Laura Right. Have you found that that sometimes having too many noises in different areas can be really distracting for you?
Tom Oh my gosh. Constantly. This is where being on the autism spectrum can be a challenge. There's just too much stimulus going on at one time.
Laura Do you find it's easier when you're performing though because of the focus?
Tom It depends. I have something to focus on but if there are other things happening in the space I can sometimes have a... It depends, really. I mean a lot of times I've done a lot of work with contact improvisation dancers and... I find in doing that and if I'm playing in a space, well for example, at the opening of the Opulent Mobility what I will do is watch people and listen to them and almost like create a soundtrack of the energy of the people in the room.
Laura Neat. And does that make it easier for you to work with it?
Tom Much easier, yeah.
Laura I would think because you're responding to what is in front of you instead of trying to ignore it. And that just makes, I think it makes it much better for everyone, hopefully.
Tom I think so too. So I'm really excited to try this out.
Laura Is there anything else that you would like to share, other projects you've got coming up?
Tom I've had a lot going on. The next project I'm working on is for a friend of mine who teaches double bass at UC Irvine and he's doing a concert celebrating the 150th birth of bassist Sergey Kusevitsky. I'm working on a piece for bass and interactive electronics for him. So that's my next goal.
We're working on, my wife is a writer, and so we're working on our second opera together. So that's our next.

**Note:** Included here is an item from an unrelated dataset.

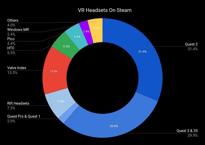 根據(jù)Valve公布的數(shù)據(jù)顯示,Quest 3與Quest 3S在SteamVR平臺的使用量于8月份出現(xiàn)激增。不過,這一現(xiàn)象究竟是數(shù)據(jù)誤判所致,還是與250美元的促銷價及Xbox聯(lián)名款的推出有關呢?

Laura That's amazing. What is the topic? Do you mind me asking? Is it too soon?
Tom It's still cooking.
Laura Okay. What is the first one?
Tom The first one we did, we wrote on spec and unfortunately it didn't get accepted, but we just loved the process so much. We decided to launch in the second one. The first one is a group therapy and each person talks about what their experience in the pandemic was.
Laura Oh, interesting.
Tom Because we both feel that the damage that we all sustained in the pandemic has not been dealt with. There seems to be a forgetting that we all went through something really traumatic. And regardless of where one falls on the spectrum of that, it was an extraordinarily traumatic event for all of us. And we're hoping it'll help people sort of understand that we're going to, have been through something and we need-- yeah, we've not taken the time to process it and that at some point we'll have to pay the piper for that.
Laura Yeah, and to a large extent it is still going on. I think that's another thing, that there's that whole froth of denial.
Tom Yes. I'm an avid mask wearer.
Laura Yeah, because it's rough-- Sometimes that's the way people deal with trauma. But pretending that there isn't a trauma will bite you in the butt later.
Tom It's guaranteed. You can only do so much of whistling past the graveyard, at some point you're gonna have to stop and read the tombstones.
Laura It's true. I'm so glad that you can be part of this. I'm so excited about this and was so glad you reached out. Tom reached out to me and said is it okay if I do this, is that something you're interested in? Yes, please. This will be amazing. We haven't been using music in the exhibits, and I think that it is such an important thing to include.
Tom Wonderful, I'm honored to be part of it.
Your interviews are always wonderful. It's great to hear a little bit about each participant in the show. We are a diverse and multi-talented group.